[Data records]
Start of Block
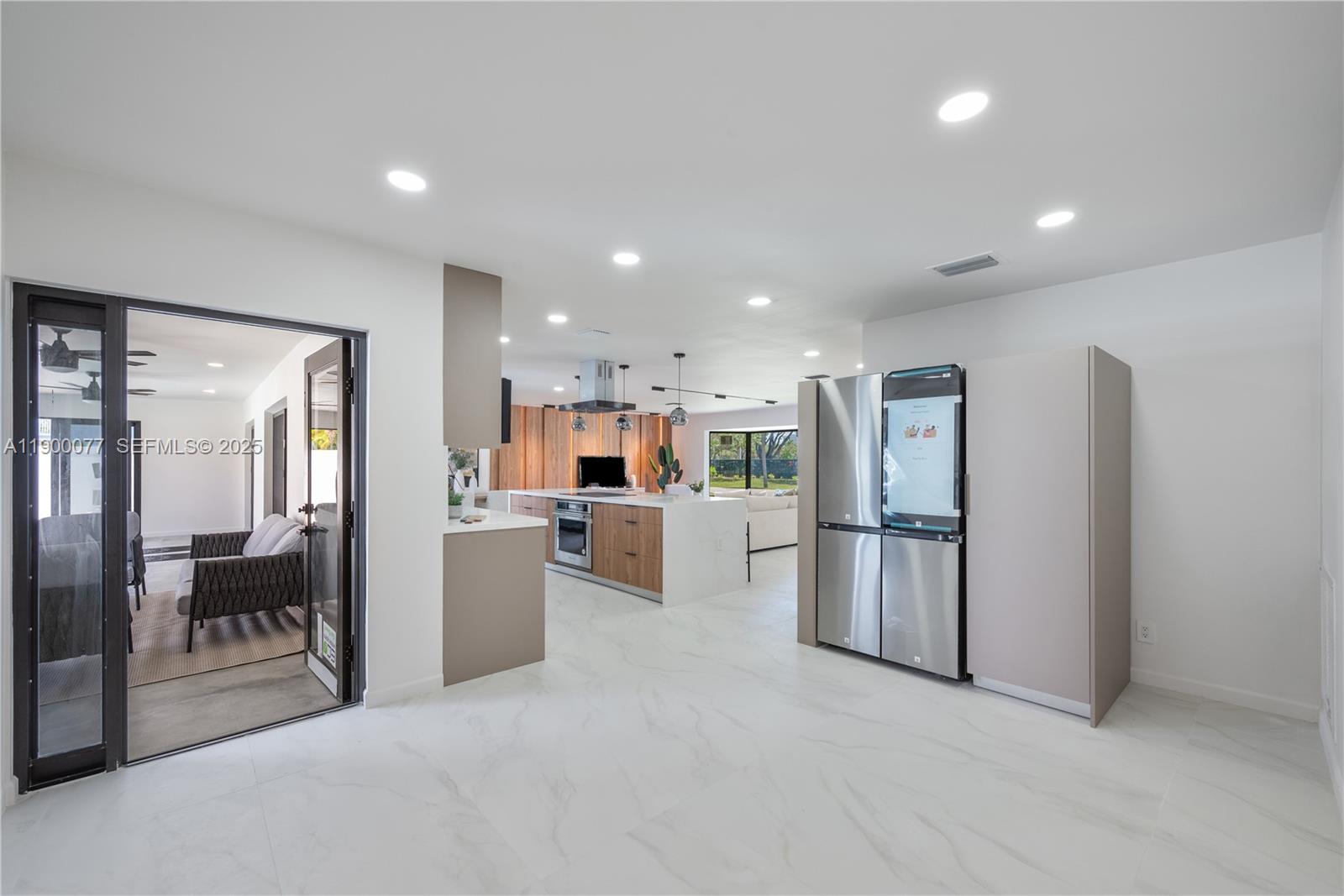 This stunning, completely renovated home has it all! Enjoy worry-free living with new 2025 roof, new plumbing, electrical, HVAC, brand new impact windows/doors. Every upgrade was fully permitted, ensuring quality. This house offers 3 spacious bedrooms, 3 full bathrooms, one of which is a cabana bath. ALL new kitchen with quartz counters and all new top-of-the-line appliances. BEAUTIFUL ALL new tile floors throughout. This home offers a LOT of natural lighting, Florida room under air condition and a beautiful pool area with outdoor kitchen with built-in Weber grill. This home is 100% hurricane ready as well! Full 2 car garage and double driveway for ample parking. Located in one of the most desirable areas. TRULY a must see!
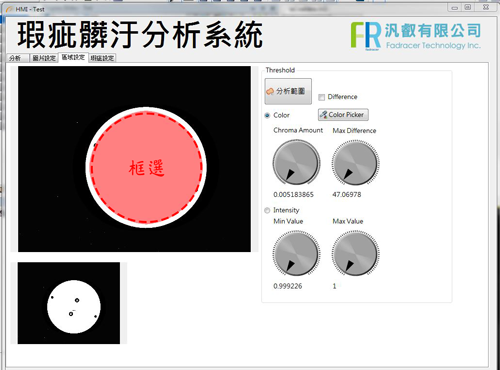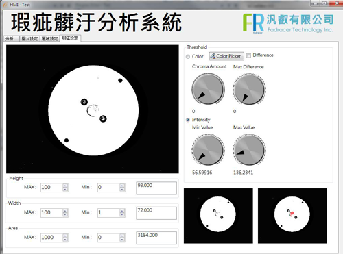 依要判斷的影像範圍,自行框選影像需分析位置,並依照影像顏色或特徵去設定,即使在分析的過程中影像位置改變,也可以正確的找到樣本
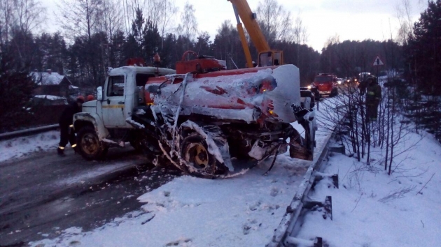 В Ленобласти перевернулся бензовоз с топливом. Часть вылилась на лед Финского залива
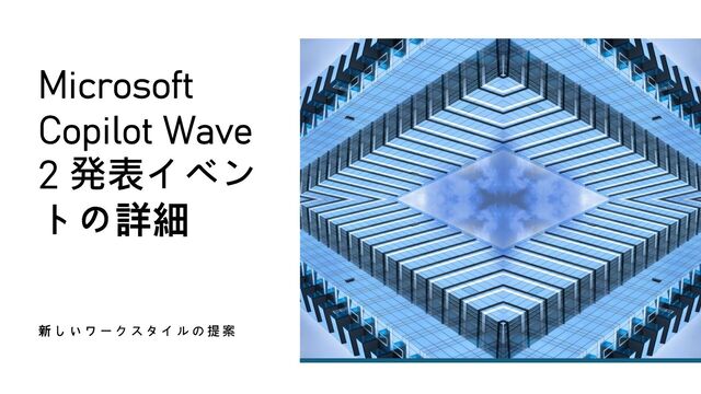 2は、新しいワークスタイ ルの可能性を提供します。これにより、 作業プロセスがより柔軟かつ効率的にな ります。 今後の改善 Copilot Wave 2の改善は今後も続けられ ます。より効率的な作業とより協力的な 作業環境を目指し、Copilot Wave 2は改 善されていく予定です。
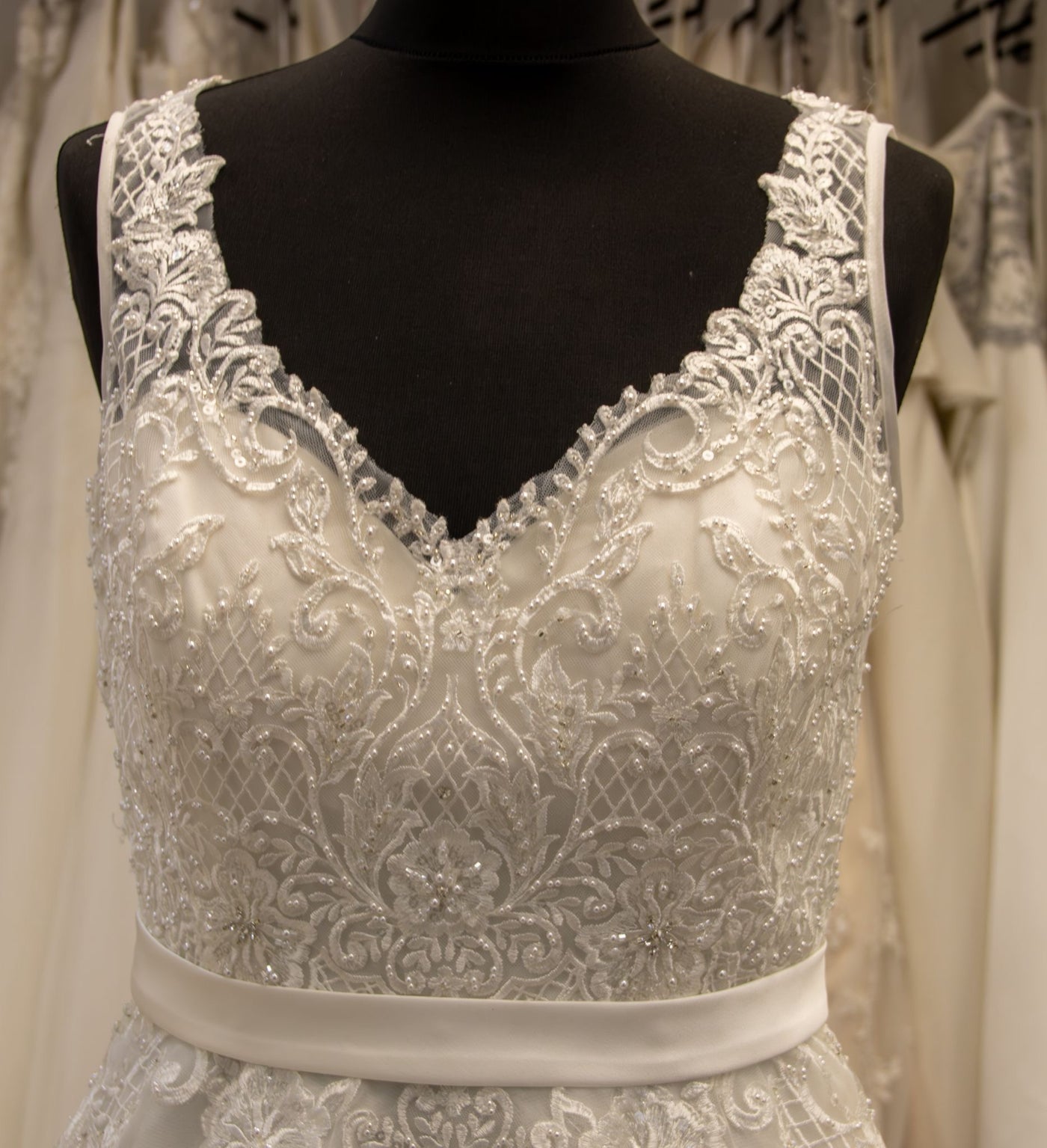 This absolutely stunning Ella Rosa gown is the perfect blend of vintage charm and modern elegance! The gorgeous tea-length design in luxurious lace and organza creates the most romantic and playful look that's perfect for dancing the night away. The fitted V-neck bodice features beautiful lace and intricate beading that catches the light from every angle, while the flattering silhouette hugs your curves perfectly before flowing into an elegant A-line skirt.
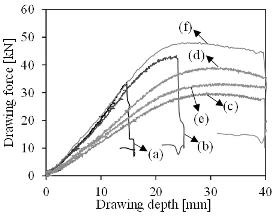 Force–displacement curves of TS290 with different lubrication settings for the deep drawing conditions (a–f) shown in Figure 4.
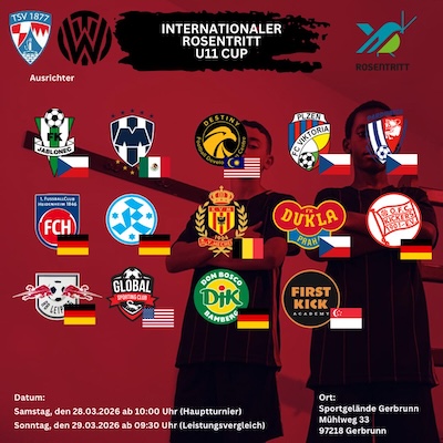 Der TV Würzburg-Kitzingen und der TSV Gerbrunn veranstalten gemeinsam den Internationalen U11 TEAM_ROSENTRITT CUP mit einem vielfältigen Teilnehmerfeld.mehr…
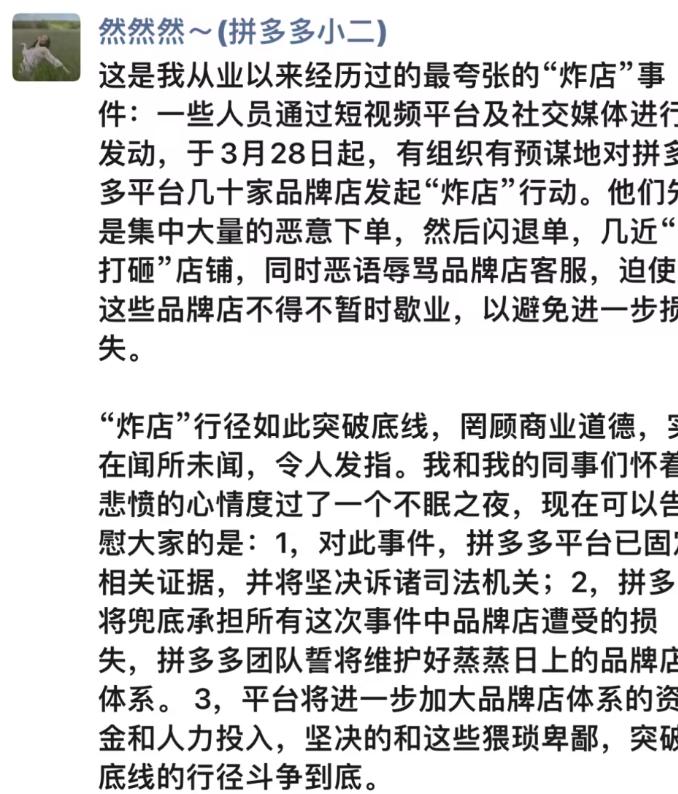 拼多多平臺數(shù)十家品牌店近期遭遇有組織的“炸店”事件,對此有拼多多小二發(fā)聲稱,這是從業(yè)以來經(jīng)歷過的最夸張的惡意事件之一,有人通過短視頻平臺和社交媒體有組織有預謀地對平臺品牌店發(fā)起攻擊,集中大量惡意下單,然后閃退單,甚至辱罵客服人員。此類破壞性行為令人震驚,平臺將采取措施予以嚴懲。
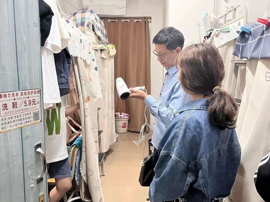走访期间,周经理对毕业生们的论文情况格外关切,并特别询问毕业生的就业情况,提出了对毕业生未来选择的建议,为毕业生指明了毕业后的道路。黎书记特别提醒同学们近期流感高发,注意开窗通风,帮助同学们树立宿舍卫生意识,改善宿舍卫生环境,同时向同学们强调了使用违规电器可能造成的安全隐患,希望同学们共同营造和谐的寝室氛围。
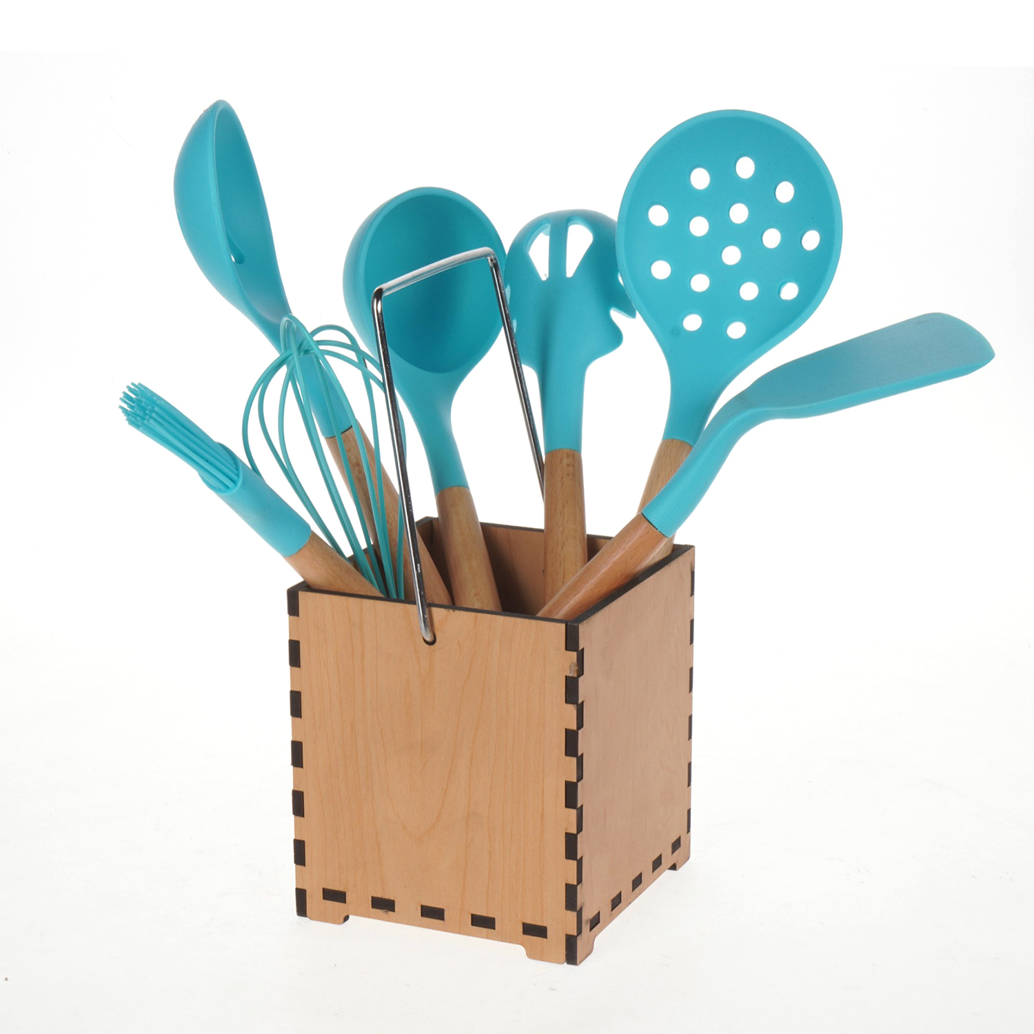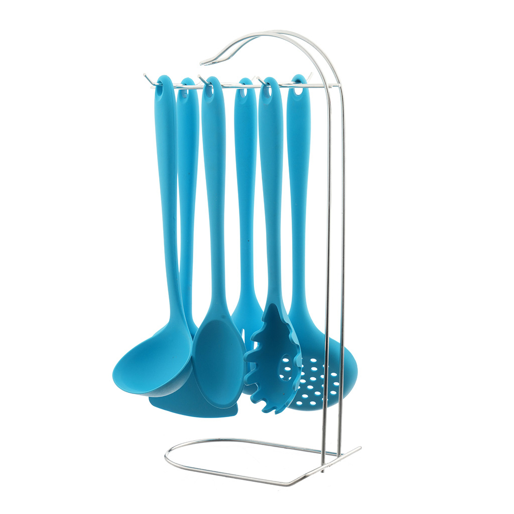 العلامة التجارية: الشهد النوع: طقم توزيع اللون: تركواز الخامة: سيليكون بيد خشب عدد القطع: 7 قطع مع حامل خشب
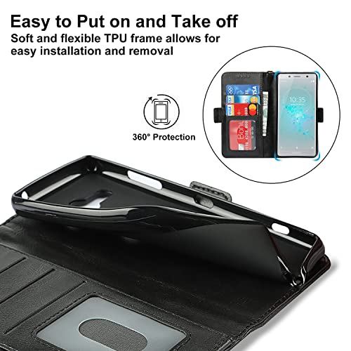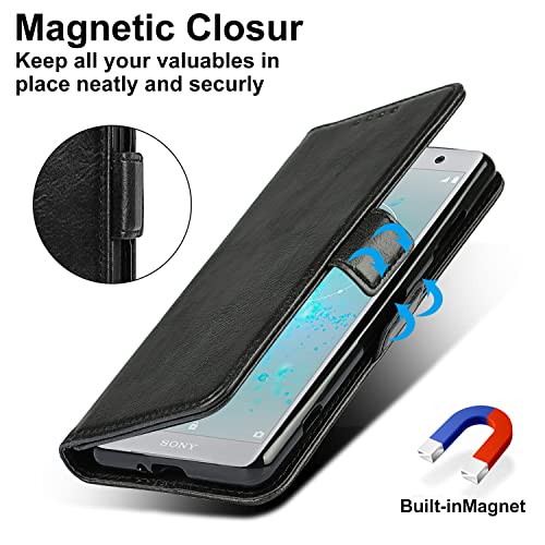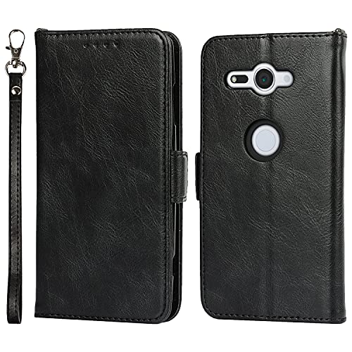 Copmob Cover Sony Xperia XZ2 Compact,Flip Portafoglio Custodia in Pelle,[con Cordino][3 Slot][Blocco RFID][Chiusura Magnetica],Custodia Cover Libro Caso per Sony Xperia XZ2 Compact - Nero
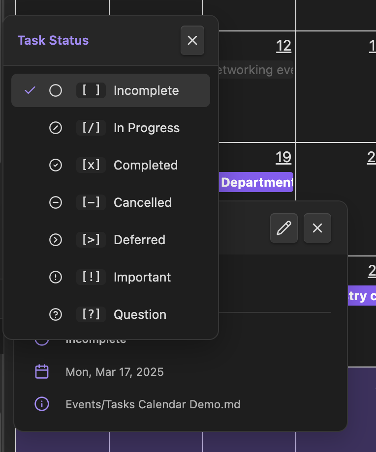 File property tasks Add status and date properties to your frontmatter to treat entire notes as tasks. The file name will display as the task title on the calendar.
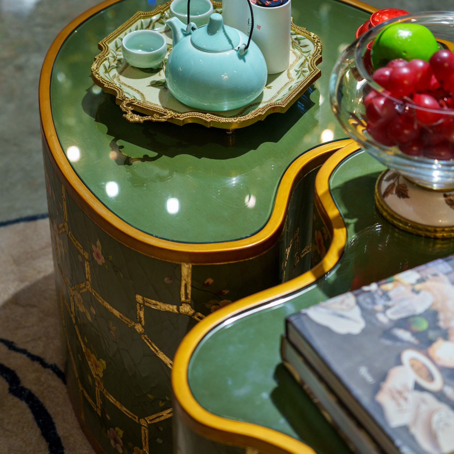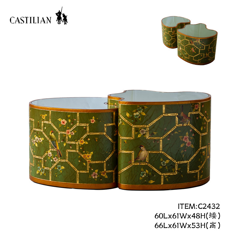 📚 卡斯特兰美式茶几手绘木质鸟语花香欧式咖啡桌客厅茶室套几C2432
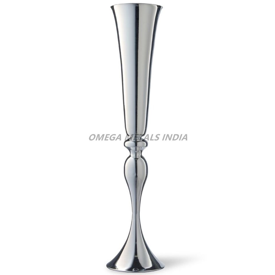Luxury Metal Vases in Polished Silver Color Featuring a Unique Elegant Shape with Curved Design for Sophisticated Home Decor
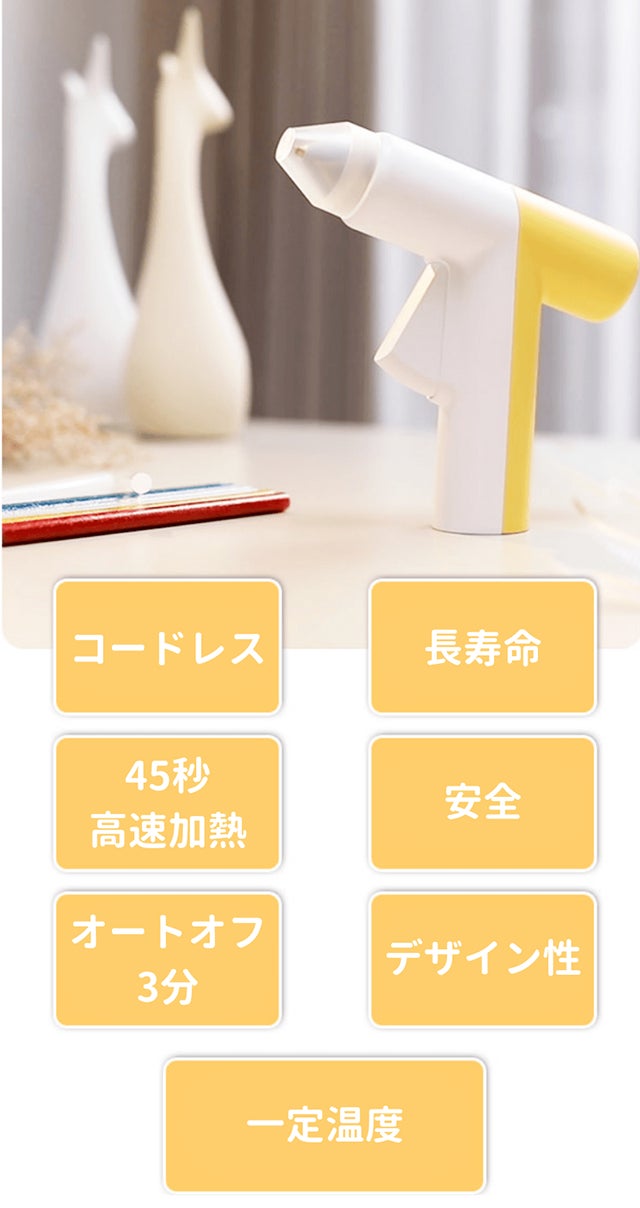 OCTSANで時間節約!このコードレスグルーガンは、従来の加熱システムよりも効率的な45秒の高速予熱が特徴。
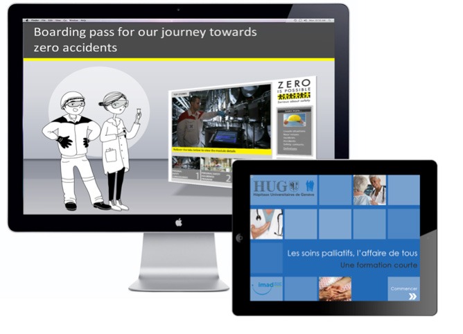 Nous travaillons avec tout type d’entreprise, de la multinationale à la PME. Nos clients sont des banques, des assurances, mais aussi des institutions publiques, sur des projets aussi variés que la sécurité de l’information, la finance, l’histoire de Suisse ou le calcul de prestations médicales. Nul besoin d’être expert dans le domaine que nous traitons. Notre force, c’est de savoir poser les bonnes questions aux experts, puis d’appliquer notre méthodologie pour que l’apprentissage soit intéressant et interactif.
End of Block
§ Exercise directions
Output exactly, and only, the lines running from the line containing "Copmob Cover Sony" to the last line of the entries above, omitting the pictures.

§ Solution to the problem
 Copmob Cover Sony Xperia XZ2 Compact,Flip Portafoglio Custodia in Pelle,[con Cordino][3 Slot][Blocco RFID][Chiusura Magnetica],Custodia Cover Libro Caso per Sony Xperia XZ2 Compact - Nero
 File property tasks Add status and date properties to your frontmatter to treat entire notes as tasks. The file name will display as the task title on the calendar.
 📚 卡斯特兰美式茶几手绘木质鸟语花香欧式咖啡桌客厅茶室套几C2432
Luxury Metal Vases in Polished Silver Color Featuring a Unique Elegant Shape with Curved Design for Sophisticated Home Decor
 OCTSANで時間節約!このコードレスグルーガンは、従来の加熱システムよりも効率的な45秒の高速予熱が特徴。
 Nous travaillons avec tout type d’entreprise, de la multinationale à la PME. Nos clients sont des banques, des assurances, mais aussi des institutions publiques, sur des projets aussi variés que la sécurité de l’information, la finance, l’histoire de Suisse ou le calcul de prestations médicales. Nul besoin d’être expert dans le domaine que nous traitons. Notre force, c’est de savoir poser les bonnes questions aux experts, puis d’appliquer notre méthodologie pour que l’apprentissage soit intéressant et interactif.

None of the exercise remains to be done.